Nicolle E. B. Zellner, associate professor.
B.S., University of Wisconsin; M.S., Ph.D., 2001, Rensselaer Polytechnic Institute. Appointed 2005.
Physics involves the determination of the basic laws which allow one to predict natural behavior; indeed, physics originates from the Greek word for nature. These basic laws form the foundation for all the natural sciences. The department offers a program for physics majors, physics majors who seek an emphasis in astronomy, physics minors, pre-engineering students, students who require a physics cognate, and non-science students. The faculty have backgrounds in atomic, solid state, low-temperature, and quantum physics, electronics, and in astronomy and planetary science. Students have the opportunity to participate in faculty research projects in mesoscopic patterned magnetic thin films, quantum computing, low-temperature physics, photonics, origins of the solar system, extraterrestrial sample analysis, and low-energy ion-atom scattering. Facilities include a cryogenic photon counting lab, a thin film deposition chamber, a 5 kV ion-atom accelerator, a low-level nuclear gamma ray counting system, a 14-inch Celestron telescope with a CCD camera, and a historically significant Alvan Clark telescope.
The department sponsors the dual-degree program in engineering.
Physics Department Website
Majors in physics are prepared to do graduate work in physics and related areas, which can lead to careers in teaching and research or research in industrial or government laboratories. Physics majors are also well equipped to pursue additional studies in engineering and typically are strong candidates for medical school, dental school, and law school. Employment opportunities are also available in industry, government and secondary school teaching.
Opportunities are available for off-campus study during the school year, particularly participation in the Great Lakes Colleges Association’s Oak Ridge Science Semester conducted at Oak Ridge National Laboratory in Tennessee. The curriculum in physics can be adjusted to accommodate participation in other off-campus study programs as well.
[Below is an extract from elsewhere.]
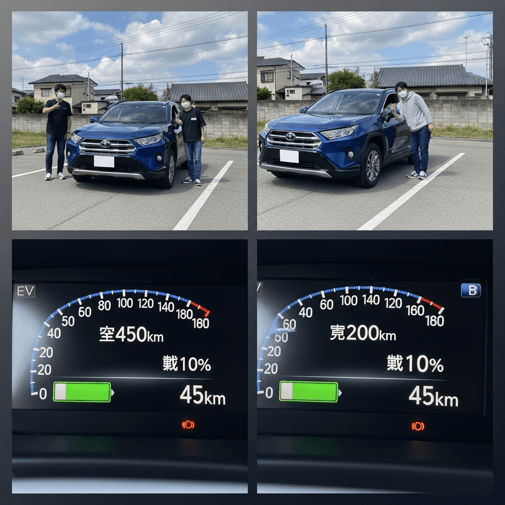満充電から通常走行→残量10%までの実測データ(写真+メモ)を提示すれば「カタログ値通り」の信頼獲得。航続距離不安が購入障壁のEV車で+5~8万円の効果。

An active Society of Physics Students chapter sponsors seminars, field trips, tutoring and social events from a clubroom, and the Astronomy Club members have regular access to the campus telescopes. A prize established by Nobel Laureate E.T.S. Walton is given annually to the outstanding senior physics major, and the Physics Faculty and Alumni Scholarship has been given to an entering student.
Student Learning Outcomes
Departmental Policy on Advanced Placement Credit
Students desiring course credit for AP Physics should contact the department or the Registrar’s Office for information.
Majors and Minors
The physics major and the physics major with astronomy emphasis are designed for students who plan to pursue graduate studies in physics, astrophysics, astronomy, or a related area; students who enter the workforce; or students who wish to have physics as a second major.